Council approved the rezoning plan at its May 25 meeting.

The survey results also said respondents were preferential to dwellings with a minimum of 1,200 sq/ft for a single family dwellings and 1,000 sq/ft for townhouses within the current phase of development. Other requirements, according to the survey, would be a hard surfaced driveway within two years, attached garages and multiple roof peaks.

Council wanted more information before approving such architectural controls for the subdivision.

Hrynkiw recommended in his report to council that lot prices for the Coventry Crescent development be dropped by 50 per cent with three year tax incentives if construction is completed within two years.

Discussion ensued among the councillors with it noted that cost recovery would be an issue at that price.

Perry Trusty, the economic development officer, told council lot prices as reported by Hrynkiw are competitive with attractive lots at Tobin Lake, the Rolling Pines Subdivision, and the RM of Nipawin.

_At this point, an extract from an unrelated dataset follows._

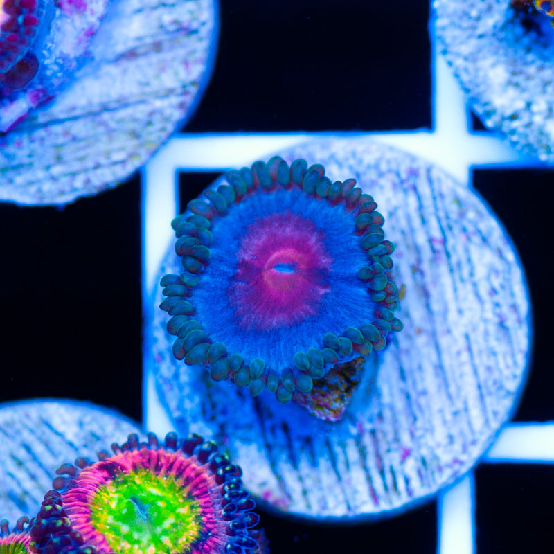 We grow our Zoanthids under ATI Blue Plus, Reef Brite blue LED’s. Nutrition is provided by Polyplab Reef Roids. We achieve the best color and polyp size by providing a system with detectable PO4, NO3, and a DKH of 8(many polyps will respond poorly to high DKH, please take that into consideration). Strong/moderate intermittent flow is very important to the health of our polyps. WYSIWYG

At the current price, Trusty reported that the town would recover the costs of developing the plot over a nine to 10 year period depending on the cost of the house and other factors. However, that is normal, he said, since cost recovery on residential development normally takes place over time through property tax, not at the sale of the lot.

Council, wanting more information, tabled the issue for the June 8 council meeting.